NASA Extends Holiday 'Greenings' to Santa Claus
CAPE CANAVERAL, Fla. - NASA is putting a little more emphasis this year on the "green" part of the traditional red and green colors for Santa Claus' flyby of Florida's Kennedy Space Center on Dec. 24.
Kennedy's Shuttle Landing Facility, with its 15,000 feet of runway nestled in the Merritt Island National Wildlife Refuge, should be a familiar sight along the Space Coast for Santa. Like many other government agencies, NASA grants Santa permission to fly over Kennedy's airspace during his globetrotting flight, so there will be no mistaking mistletoe for missiles.
Kennedy is becoming more environmentally friendly and is happy to show off the center's green spaces to the jolly old fellow this year. So for one night, the LC-39 area temporarily will become the SC-39 area -- as in the Santa Claus-39 area.
It is obvious St. Nick is no stranger to using an alternative-fuel vehicle. He has been using reindeer-powered propulsion, or in NASA acronym terms RPP, for centuries. But if Dasher or Comet need a little rest while traveling over Central Florida, Santa might consider borrowing one of Kennedy's more than 900 alternative-fuel vehicles. Perhaps he'll get behind the wheel of an electric car, which can travel about 100 miles for less than $2.00. The center is planning to have its entire fleet of automobiles running on substances other than gasoline within a decade.
If Santa is looking to expand his toy workshop at the North Pole, he might want to adopt some green principles from the construction folks at Kennedy. Five facilities are qualifying for the U.S. Green Building Council's Leadership in Energy and Environmental Design, or LEED, certification. The Life Support Facility already earned silver certification, and the Propellants North Facility is expected to receive the highest rating, platinum, when it is complete next summer. There are about 145 platinum-rated facilities in the United States with only one other in Florida.
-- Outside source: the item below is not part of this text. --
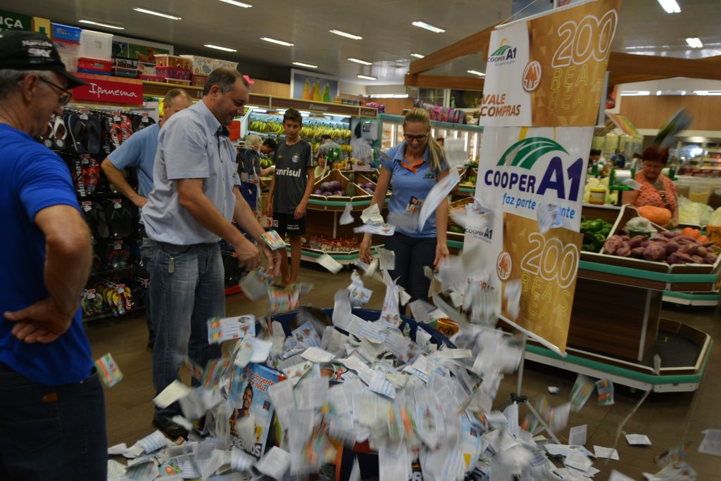 A Cooper A1 realizou, no sábado, dia 4 de fevereiro, o quarto sorteio da promoção 100 MIL EM PRÊMIOS, vinculada a Revista Cooper A1. Vinte e oito pessoas foram contempladas com vale compras no valor de R$200,00. Os sorteios aconteceram de forma simultânea na rede de lojas da Cooper A1. Até o fim da promoção, em março de 2017, serão 71 prêmios, incluindo um carro 0 quilômetros. O próximo sorteio será o sorteio do Carro 0km a se realizar no dia 04/03/2017 na matriz da Cooper A1 em Palmitos - SC Para participar da Promoção 100 MIL EM PRÊMIOS da Cooper A1, basta preencher corretamente, destacar e depositar nas urnas das unidades o cupom que está em uma das páginas da nova Revista Cooper A1. A publicação é distribuída mensalmente de forma gratuita nos municípios com unidades. Os clientes também recebem um cupom a partir de R$ 200 em compras nas lojas da cooperativa. Ganhadores 28 vale compras (Sorteio 04/02/2017) PALMITOS AGENOR PEREIRA PATRICIA SARTORI DANILO LUIZ NICOLAU ITAPIRANGA GUILHERME LAUSCHNER LUIS VOGEL IVAR JOSÉ RAMBO MONDAÍ EUCLIDES FERREIRA ELVA STAUDT LOTHAMMER DESCANSO NEUROZETE RUGERI CRISTIAS ANTOCEFF IPORÃ DO OESTE URSULA BUELTERMANN ROGERIO LORENCO THUMS SÃO JOÃO/TUNÁPOLIS LORENÇO FLACH FERNANDA CANDEIA VIER CAIBI/RIQUEZA VALTER PESAMOSCA SAULO LUIZ VALDUGA SANTA HELENA ELOY ROQUE DECOL SANDRA MARIA SPECHT PORTELLA DE LIMA RODEIO BONITO DEONILO MENEGOTTI IVAN ATONIO NEGRI PLANALTO EDSON ANDRE BATISTI ALEXANDRE ANDRE LIRA ALPESTRE OSMAR RODRIGUES DOS SANTOS EDSON ANDRÉ KREFTA VISTA GAÚCHA/NOVO TIRADENTES/PINHAL VERENA DURANTE OSMAR MACIEL ERVAL SECO LEONIR MANFIO MARCIA DA SILVA RODRIGUES

The green features at the Propellants North Facility will include high-efficiency walls, a roof constructed of recycled metal covered with a rainwater harvesting system to supply restroom fixtures, air conditioning with energy recovery technology, and landscaping that will use native species and recycled crushed crawlerway rock for mulch.
Even though Santa will be flying by the light of a half-moon Christmas Eve, he will get to see for the first time Kennedy's new solar power facilities. A one-megawatt solar farm inside the center has been supplying the spaceport with clean, renewable energy for several months. A 10-megawatt facility outside Kennedy's gates along State Road 3 is set to be complete in the spring and will supply electricity to Florida Power & Light customers. There are even plans to increase that solar farm's generating capacity to 100 megawatts.
If Santa has any plastic milk jugs he wants to recycle after visiting houses and eating cookies in the area, he can take advantage of Kennedy's growing recycling program. In 2009, employees collected about 496 tons of office paper and cardboard, 1,364 tons of metal, and 15 tons of plastic, glass and aluminum. Also, about 30,000 tons of recycled concrete was used in this year's NASA Causeway seawall repair project. The proceeds from recycling activities are used to fund additional recycling, green purchasing and pollution-prevention efforts.
In case anyone gets concerned Santa will be so influenced by seeing all the eco-friendly and recycling initiatives at Kennedy that it will affect his present-giving strategies, NASA officials are confident Mr. Claus will not start "regifting."